British-bred Thoroughbred racehorse

Airs and Graces (1895 - 1915) was a British Thoroughbred racehorse and broodmare. As a two-year-old she raced in the colours of the 6th Duke of Portland and showed modest ability, winning one minor race. After being bought by the Australian sportsman W T Jones she showed much improved form at three in 1898, winning the Epsom Oaks and being placed in both the 1000 Guineas and the Coronation Stakes. She failed to win a race in 1900 but ran well to finish second in the Cambridgeshire Handicap. She was exported to France to become a broodmare and produced two top-class winners.

==Background==
Airs and Graces was a "wiry, greyhoundy mare, with plenty of size and scope" bred in England by Captain (later Major) William Henry Fife-Cookson of Langton Hall in Yorkshire. As a yearling in July 1896 she was consigned to the sales at Newmarket and was bought for 550 guineas by the 6th Duke of Portland. She was sent into training with George Dawson at Heath House stable in Newmarket.

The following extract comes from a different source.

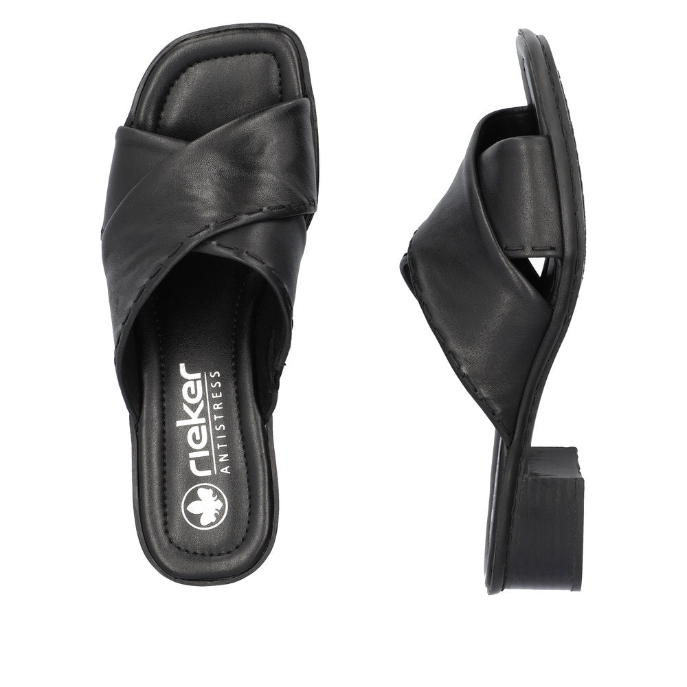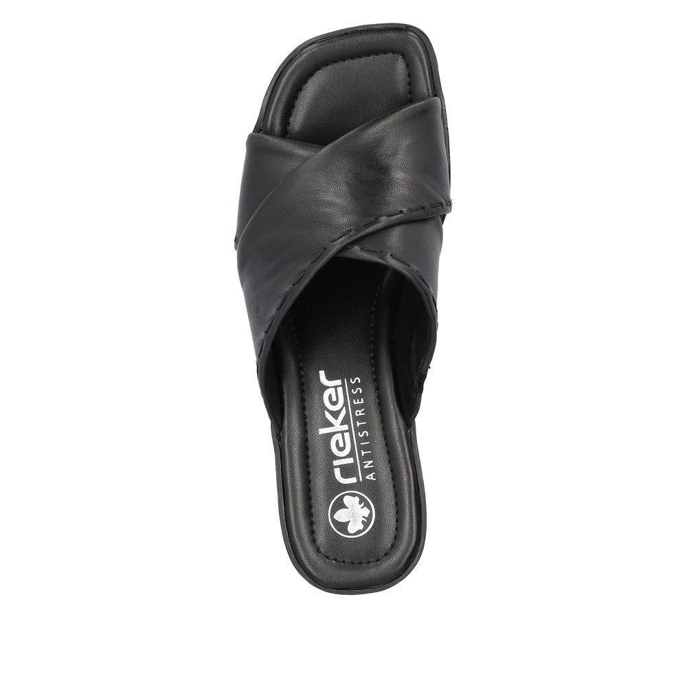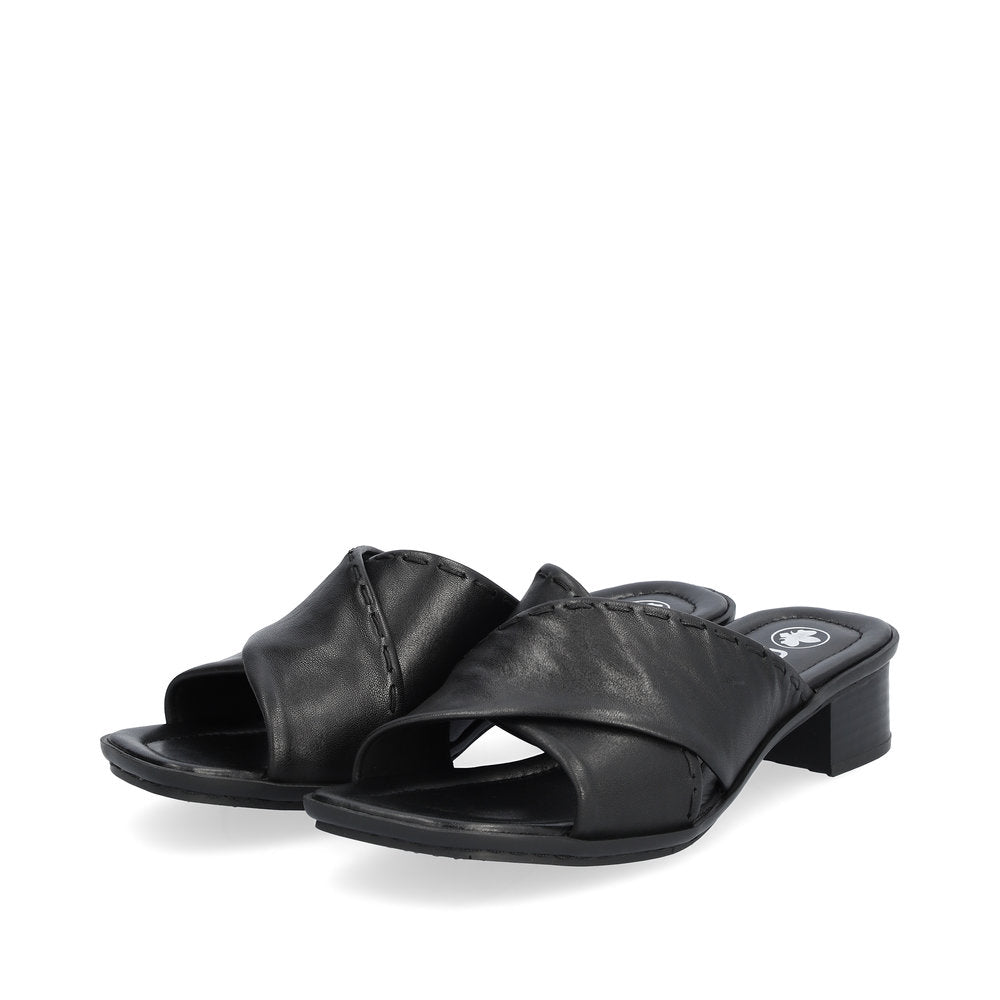 Été, soleil, chaussures sublimes ! Ces mules noir asphalte de Rieker sont fabriquées en cuir lisse et impressionnent par leur design moderne et leur confort exceptionnel. Sans fermeture, elles s'enfilent en un clin d'œil. Leur semelle légère et amortissante offre un confort optimal. Grâce à leur chaussant E 1/2 étroit, elles sont parfaitement ajustées sans comprimer. Bien-être garanti !

She was sired by Ayrshire who won the 2000 Guineas and Epsom Derby in 1888 and the Eclipse Stakes in 1889, before enjoying some success at stud, where his other foals included Bowling Brook and Our Lassie. Her dam Lady Alwyne failed to win in three starts and was described as "worthless as a racehorse".

==Racing career==

===1897: two-year-old season===
Airs and Graces ran five times as a two-year-old in 1897, recording her only success in the Hardwicke Stakes at Stockton Racecourse. In the Criterion Stakes over six furlongs at Newmarket on 26 October she finished fourth of the five runners behind the Duke of Westminster's colt Batt.

In December the filly, being held in no high regard by Dawson and having reportedly developed respiratory problems, was sold for 450 guineas to the Newmarket trainer Fred Day who was acting on behalf of the Australian W T Jones.

===1898: three-year-old season===

On Friday 29 April 1898 Airs and Graces contested the 1000 Guineas over the Rowley Mile at Newmarket and started a 100/6 outsider. After tracking the leaders she moved up to dispute the lead in the last quarter mile but after going to the front she was overtaken and beaten a length by the favourite Nun Nicer.

Airs and Graces was moved up in distance to contest the 120th running of the Oaks Stakes at Epsom Racecourse on 27 May. Nun Nicer started favourite ahead of Ayah and Yester Year while Airs and Graces was fourth choice on 100/8 alongside Alt Mark (3rd in the 1000 Guineas). Ridden by Walter Bradford Airs and Graces raced just behind the leader before taking the lead at Tattenham corner. She quickly opened up a clear lead and was never seriously challenged, coming home three lengths clear of Nun Nicer. The filly's success earned her owner a reported £4,000 in winning bets. At Royal Ascot in June, Airs and Graces finished third to Lowood and Nun Nicer in the Coronation Stakes, conceding 13 pounds to the winner.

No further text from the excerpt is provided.